3D density map

3D density map of 13,000 germ cells, as distributed in their gene expression PC1-PC2 space. Regions of higher cell density are shown as taller peaks. By Sue Hammoud, Chris Green, Qianyi Ma, Jun Li.

The unprecedented wealth of health data brings unprecedented opportunities and challenges to improve healthcare.  On the most microscopic level, we are now examining the genome one cell at a time, monitoring in real-time an individual’s health behavior, and prescribing medication based on the genetics and chemistry of each individual.  On the most macroscopic level, we can combine dozens of clinical record data for one patient, and can analyze the health data of an entire nation.  However, our ability to gain insight into such vast data lags significantly behind our ability to accumulate data.  The MIDAS Data-Intensive Health Science Research Hub aims to position UM researchers as national leaders as biomedical science embraces the opportunities and challenges brought about by advances in data science, catalyze the development of theories and innovative methodologies in data science, and their application to the entire spectrum of biomedical science.  The hub currently funds three projects.  With a variety of hub activities, MIDAS hopes to:

  • Disseminate tools and methods to empower campus-wide health research that integrates data science.
  • Build a collaborative network of Big Data health science researchers .
  • Form industry partnerships and transform research findings into clinical applications that have immediate impact on healthcare.

Michigan Center for Single-Cell Genomic Data Analytics

Single-cell genomics, rooted in single-cell sequencing, has great potential for providing insight into fundamental questions in biomedical science and drive new health science discoveries, such as: How many cell types and functional states are there in a given tissue?  What is the range of natural variation within a cell type and how is such variability affected by genetic and environmental factors?  What happens at the single-cell level during cell fate determination in the developmental process?  How does cellular heterogeneity with a tumor affect response to therapy and how can we address this with precision medicine?  The list is endless.  However, the explosive growth of single-cell sequencing technologies also brings new computational challenges.  One major challenge is the “sparse read counts data”: because of the minuscule amount of genetic material in a single cell, fragments of the genome are often missing from the sequencing read-out, and existing tools are ineffective in addressing this missing-data problem and piecing together reliable genomic information.

From Big Data to Vital Insights: Michigan Integrated Center for Health Analytics & Medical Prediction (MiCHAMP)

The recent explosion in health data has created unprecedented opportunities for healthcare improvement.  However, traditional analytics and existing computational platforms are poorly suited for handling the size and complexity of health data, leading to few real-world examples of ‘big data’ successfully impacting clinical care.   One core methodological challenge that currently limits health research is to analyze temporal patterns in longitudinal data for novel discovery and prediction. Although there exists an extraordinary volume of information on patients over time, temporal patterns are frequently overlooked in favor of simplistic, cross-sectional snapshots.  This project aims to develop methodologies for understanding longitudinal data, estimating time-varying parameters and predicting patient-specific trajectories.

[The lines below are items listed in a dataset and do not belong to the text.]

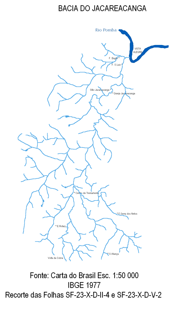 O que se quer contar é um pouco da história do Ribeirão Jacareacanga, irmão do Feijão Cru, porque nascem na mesma serra da subida da Volta da Cobra. Um à direita e o outro à esquerda da estrada que segue para o Arraial dos Montes / São Lourenço e Abaíba. O Jacareacanga, na região da Serra dos Netos, nasce no alto do morro e por entre pedras e árvores desce a encosta por um dos vales e vai recolhendo as águas de pequenas nascentes. Quando chega à parte plana, em terras que formavam a antiga fazenda Fortaleza, antes de cruzar a BR-116 recebe pela margem direita o Córrego Fortaleza. Logo depois, na outra margem da rodovia, pelo lado esquerdo recebe a contribuição do Córrego Três Cruzes, que lhe traz as águas das encostas da região do Brasília Country Club. Segue seu curso e, na Fazenda Estrela, recebe o córrego Bela Vista e o Pau Cascado, afluentes da margem esquerda.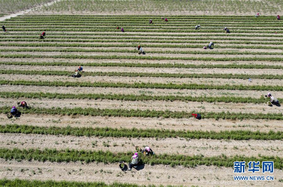 5月11日,采茶工在寧夏百瑞源賀蘭山基地采摘枸杞芽茶。當(dāng)日,寧夏百瑞源賀蘭山基地枸杞芽茶全面進(jìn)入采摘季。據(jù)了解,該基地茶園面積300余畝,助力附近200多名農(nóng)民就業(yè)增收。新華社記者楊植森攝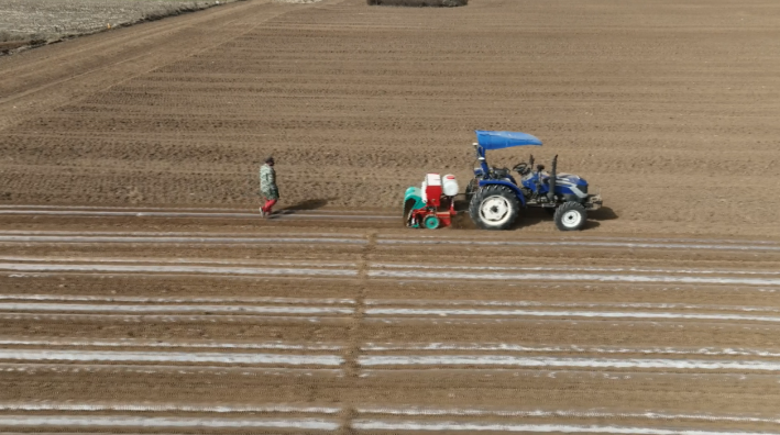 在上肖镇南李村千亩新品种玉米推广点,搭载北斗导航系统的拖拉机等机械在无人驾驶的情况下进行翻耕、覆膜,不但节省了人力成本,而且更加便捷高效。“拖拉机装上导航就能实现无人驾驶,降低了机手劳动强度,覆膜既平整效率又高,一天能轻松覆膜30多亩。”陇欣达农业专业合作社农机手李伟伟说。目前,上肖镇南李村千亩新品种玉米推广点的覆膜工作已接近尾声,为后面的种植赢得了“墒基”。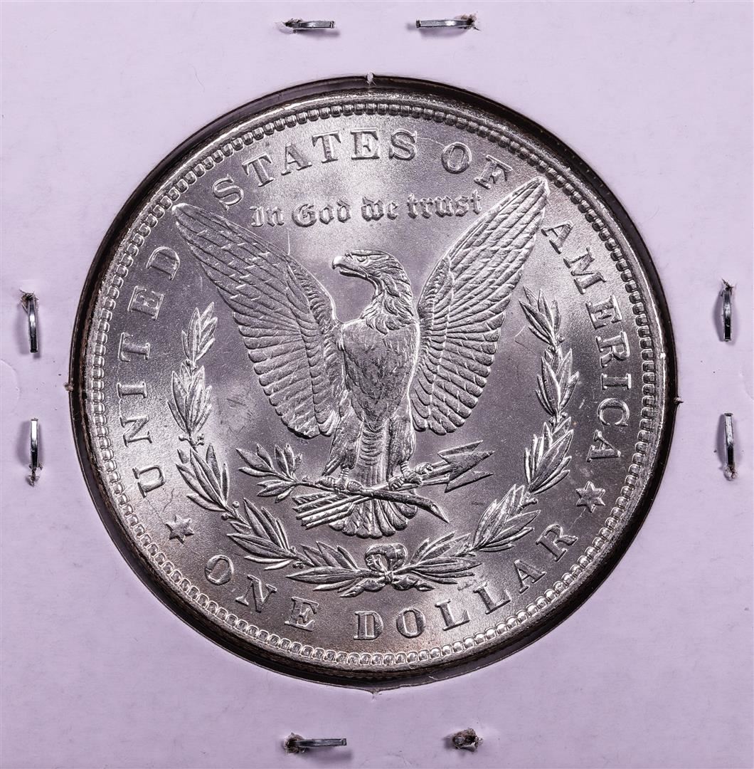 One 1885 $1 Morgan Silver Dollar Coin.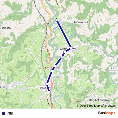 The first stop of the 768 bus route is Lütisburg, Dorf and the last stop is Bütschwil, Bahnhof. 768 is operational during täglich.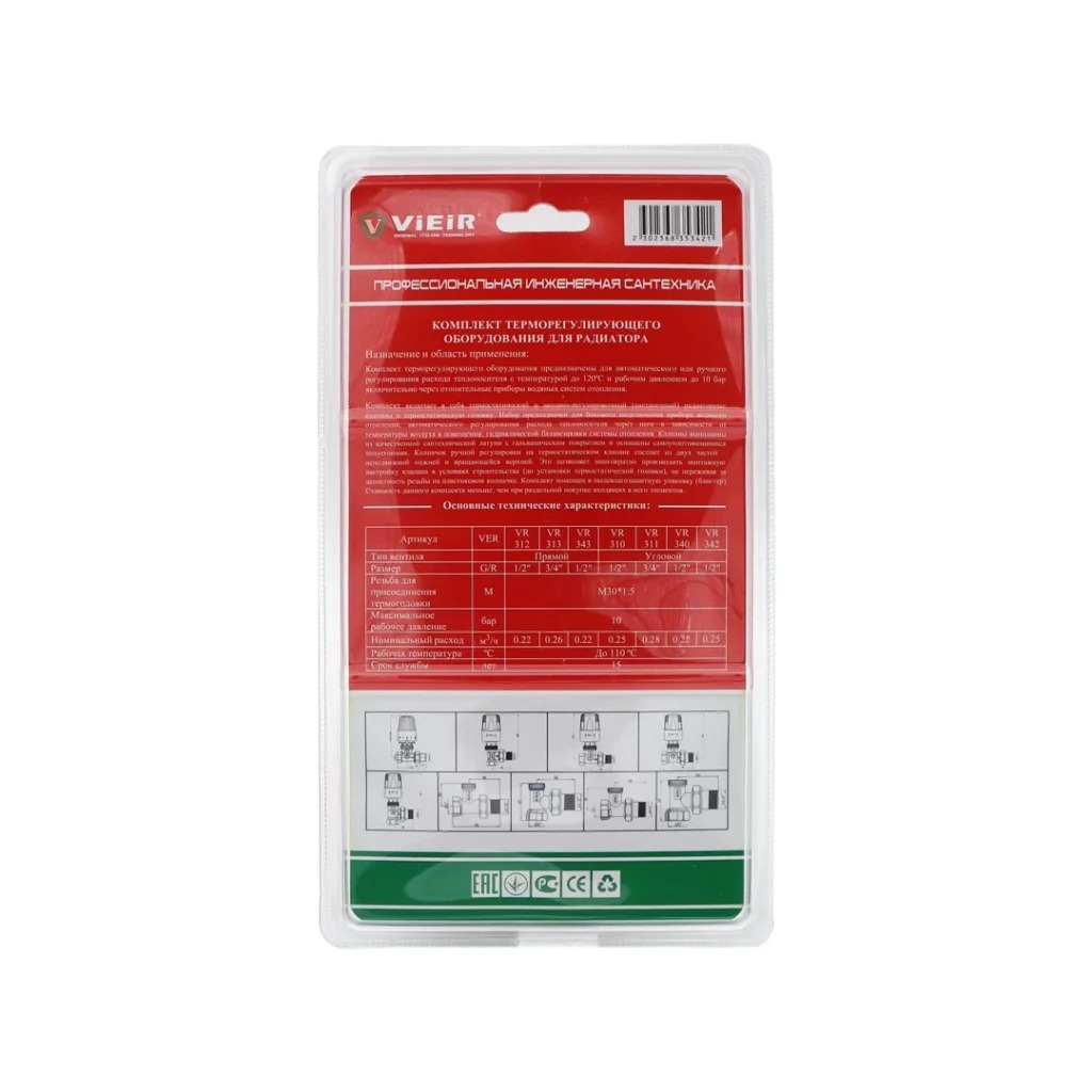 Комплект термостатический угловой 1/2" Vieir VR (2 в 1 - регул.клап+термоголовка) (VR342)

Identifying Real-Time Data Predictors of Stress and Depression Using Mobile Technology

One robust finding in depression research is that life stress is the single most important trigger of depressive episodes. Understanding how life stress leads to depression has the potential to transform our ability to prevent and treat depression. Unfortunately, the capacity to capture the effects of stress accurately and in real-time has been limited because assessments of psychiatric phenotypes has traditionally relied on patients’ self-report of symptoms. Mobile electronic technology holds great promise in overcoming these limitations by capturing continuous, real-time, passive measures likely to be related to the progression from stress to depression. In this project, the research team will determine the dynamic relationships between mood, sleep, and circadian rhythms, and develop a micro-randomized intervention trial for depression under stress using an app platform that integrates mobile phones signals and wearable data. The team will build personalized models of sleep, circadian rhythms, physical activity, and mood, and assess and optimize the efficacy of objective mobile sensor to detect depression onset.  The researchers believe that when real-time data on an individual is fit to the right mathematical model, simple and insightful information can be easily communicated back to the end user as well as their caregiver and/or domain expert.